Microsoft called on the spirit of one of history's greatest innovators to launch its latest operating system
Written by Andrew Donoghue, Contributor

Microsoft chairman Bill Gates chose the historic setting of the British Library to launch Vista, his company's latest incarnation of Windows.

At a special event, held at the library's conference centre, in Kings Cross, London, Gates announced that the launch of the new operating system marked the beginning of some key changes to how the company approaches software. "This is a very special occasion.
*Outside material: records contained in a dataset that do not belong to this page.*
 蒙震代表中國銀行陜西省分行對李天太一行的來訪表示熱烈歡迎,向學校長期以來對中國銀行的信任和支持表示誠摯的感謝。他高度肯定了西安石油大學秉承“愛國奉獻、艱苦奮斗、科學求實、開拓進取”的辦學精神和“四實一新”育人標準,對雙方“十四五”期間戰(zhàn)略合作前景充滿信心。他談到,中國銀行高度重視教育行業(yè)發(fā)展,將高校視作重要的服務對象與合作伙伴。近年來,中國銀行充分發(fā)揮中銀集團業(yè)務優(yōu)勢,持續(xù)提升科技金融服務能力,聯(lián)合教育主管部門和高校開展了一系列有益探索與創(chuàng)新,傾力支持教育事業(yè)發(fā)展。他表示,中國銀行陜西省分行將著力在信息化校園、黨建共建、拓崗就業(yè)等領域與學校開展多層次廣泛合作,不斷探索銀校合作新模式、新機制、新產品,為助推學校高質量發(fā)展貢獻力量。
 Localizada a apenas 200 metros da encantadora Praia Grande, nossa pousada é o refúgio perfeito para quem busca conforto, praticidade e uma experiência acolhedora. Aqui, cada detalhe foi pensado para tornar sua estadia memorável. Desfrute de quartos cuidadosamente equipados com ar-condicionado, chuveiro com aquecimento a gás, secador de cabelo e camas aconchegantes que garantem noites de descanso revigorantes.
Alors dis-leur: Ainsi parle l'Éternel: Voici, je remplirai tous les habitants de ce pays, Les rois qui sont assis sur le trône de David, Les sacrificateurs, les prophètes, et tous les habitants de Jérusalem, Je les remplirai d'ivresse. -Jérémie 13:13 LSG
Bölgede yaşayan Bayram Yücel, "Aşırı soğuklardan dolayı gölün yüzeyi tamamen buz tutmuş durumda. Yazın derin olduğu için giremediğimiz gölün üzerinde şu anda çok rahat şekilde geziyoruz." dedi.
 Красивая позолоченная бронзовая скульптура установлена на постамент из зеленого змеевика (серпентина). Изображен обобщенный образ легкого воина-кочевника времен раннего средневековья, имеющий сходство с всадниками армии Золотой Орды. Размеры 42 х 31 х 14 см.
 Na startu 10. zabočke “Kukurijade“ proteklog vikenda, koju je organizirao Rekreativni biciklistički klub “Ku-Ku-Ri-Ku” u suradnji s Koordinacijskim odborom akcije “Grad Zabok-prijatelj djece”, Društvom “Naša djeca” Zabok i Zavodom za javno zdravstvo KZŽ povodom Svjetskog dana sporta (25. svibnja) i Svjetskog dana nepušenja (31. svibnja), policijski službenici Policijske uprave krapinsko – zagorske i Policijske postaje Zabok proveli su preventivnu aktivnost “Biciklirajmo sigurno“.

I am so excited to see what people will do with this new software," he said.

Gates addressed the issues of safety and security, areas on which Microsoft has been deemed weak in the past, and claimed that the company had worked hard to improve its approach. "Safety has been a huge element of what we have done here," he said.

For instance, Gates described how he was now able to limit how long his son and daughter could spend online with the new parental controls built into Vista.

Gates also expounded the importance of partners and software developers in making Vista a success. "Every time we move the platform to a new level we are amazed with what the software industry does with it," he said.

However, Microsoft has found itself in hot water recently with one element of the software industry: the security community. Some antivirus vendors in particular have claimed that Microsoft has tried to shut them out of the Vista kernel in an attempt to grab a share of the lucrative security services market for itself.

The Microsoft boss also claimed that some of the interactive features in Vista would revolutionise areas such as education — potentially eliminating the need for text books and other written material. "It is fair to say that education will be changed dramatically," he said." Students will have devices that let them work without paper text books. We are just at the beginning of that."

Gates was joined on stage by Lynne Brindley, chief executive of the British Library, to discuss how Microsoft is working with the organisation to improve the digitisation of its archive or rare documents, books and manuscripts.

Brindley announced that Gates had donated a rare notebook belonging to Leonardo da Vinci to the British Library. The Codex Leicester, owned by Gates, will join another notebook, the Codex Arundel, owned by the library, in a virtual reading room running on Vista. She added that this is the first time the two documents had been together in nearly 500 years.

"By making the Codices available online, anyone can have a first-hand look at this incredible work, which even now, 500 years later, still seems ahead of the times," said Gates.